◆ THE PROBLEM
Copy out the data word for word, without any of its pictures.

◆ RECORDS SUPPLIED
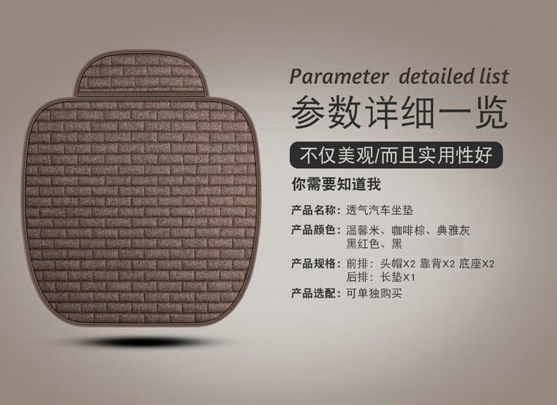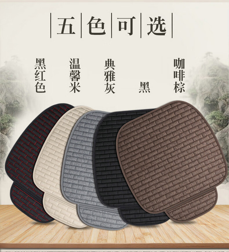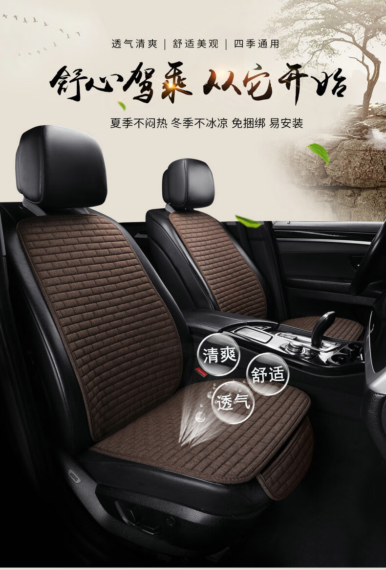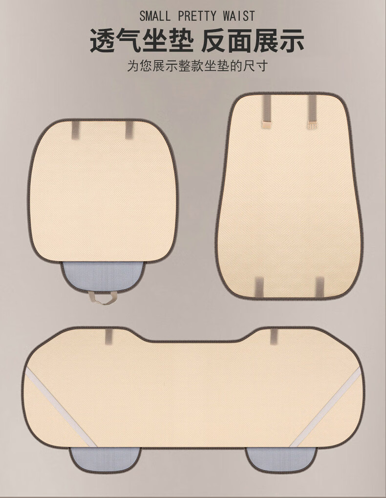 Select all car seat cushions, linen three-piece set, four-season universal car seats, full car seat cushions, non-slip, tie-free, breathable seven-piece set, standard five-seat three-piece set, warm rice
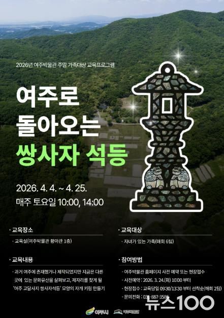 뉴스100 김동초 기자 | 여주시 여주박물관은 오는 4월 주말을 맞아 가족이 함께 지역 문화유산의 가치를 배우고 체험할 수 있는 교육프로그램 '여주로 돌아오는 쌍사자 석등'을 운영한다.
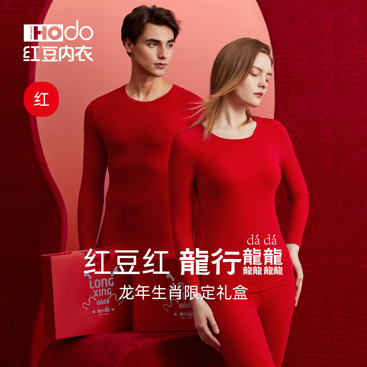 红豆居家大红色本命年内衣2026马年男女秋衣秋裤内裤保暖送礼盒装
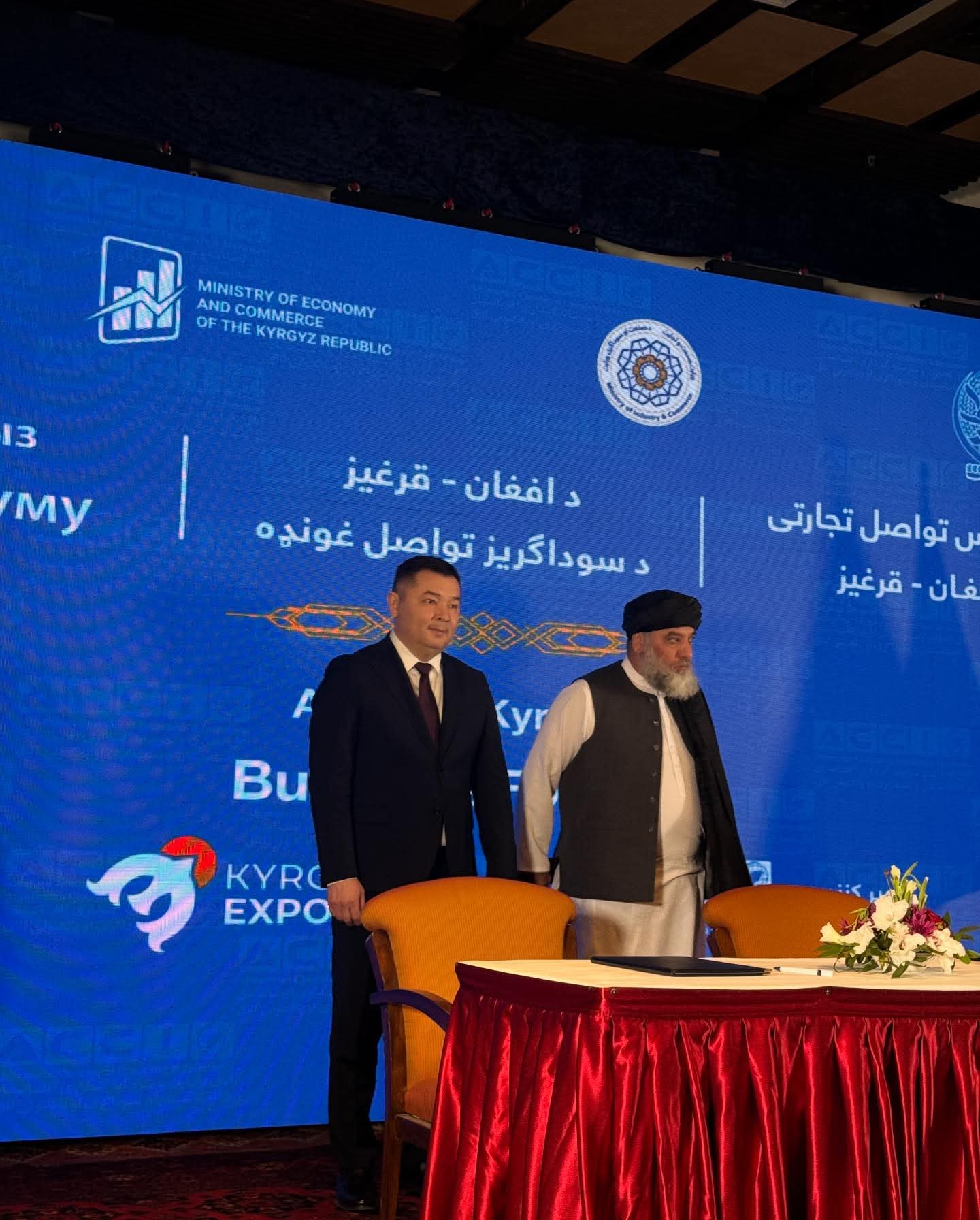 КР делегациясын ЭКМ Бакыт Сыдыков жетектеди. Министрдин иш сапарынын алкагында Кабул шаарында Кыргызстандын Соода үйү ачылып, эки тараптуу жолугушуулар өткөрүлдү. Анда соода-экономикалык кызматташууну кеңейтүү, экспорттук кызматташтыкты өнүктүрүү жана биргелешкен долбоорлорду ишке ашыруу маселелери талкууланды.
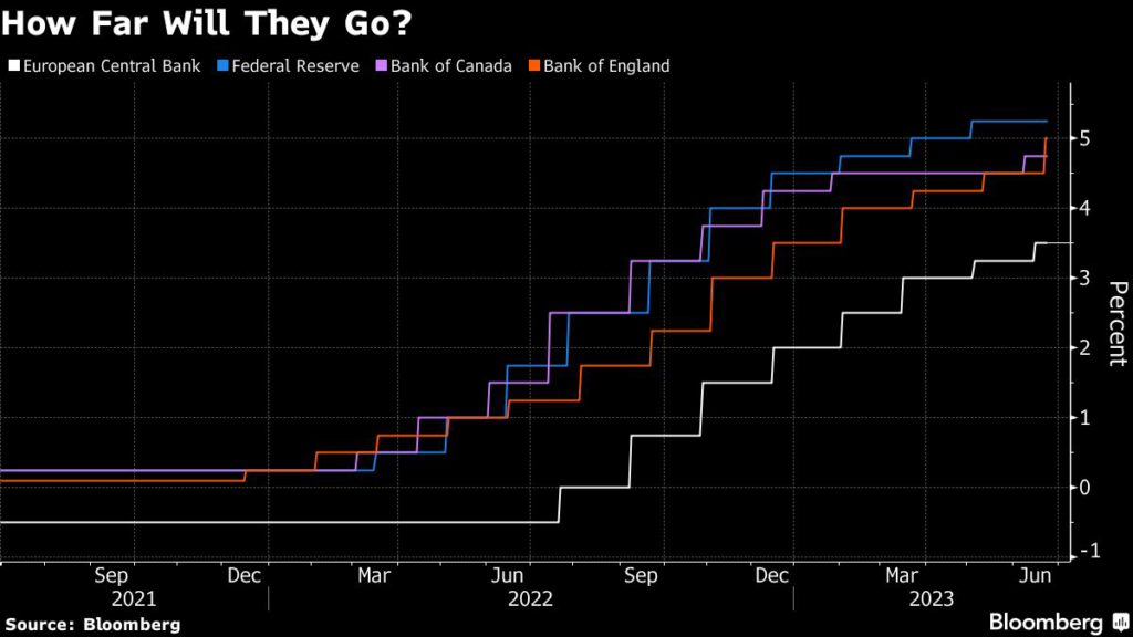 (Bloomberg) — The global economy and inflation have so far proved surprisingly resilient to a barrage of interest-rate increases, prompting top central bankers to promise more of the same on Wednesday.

◆ RESULT BELOW
 Select all car seat cushions, linen three-piece set, four-season universal car seats, full car seat cushions, non-slip, tie-free, breathable seven-piece set, standard five-seat three-piece set, warm rice
 뉴스100 김동초 기자 | 여주시 여주박물관은 오는 4월 주말을 맞아 가족이 함께 지역 문화유산의 가치를 배우고 체험할 수 있는 교육프로그램 '여주로 돌아오는 쌍사자 석등'을 운영한다.
 红豆居家大红色本命年内衣2026马年男女秋衣秋裤内裤保暖送礼盒装
 КР делегациясын ЭКМ Бакыт Сыдыков жетектеди. Министрдин иш сапарынын алкагында Кабул шаарында Кыргызстандын Соода үйү ачылып, эки тараптуу жолугушуулар өткөрүлдү. Анда соода-экономикалык кызматташууну кеңейтүү, экспорттук кызматташтыкты өнүктүрүү жана биргелешкен долбоорлорду ишке ашыруу маселелери талкууланды.
 (Bloomberg) — The global economy and inflation have so far proved surprisingly resilient to a barrage of interest-rate increases, prompting top central bankers to promise more of the same on Wednesday.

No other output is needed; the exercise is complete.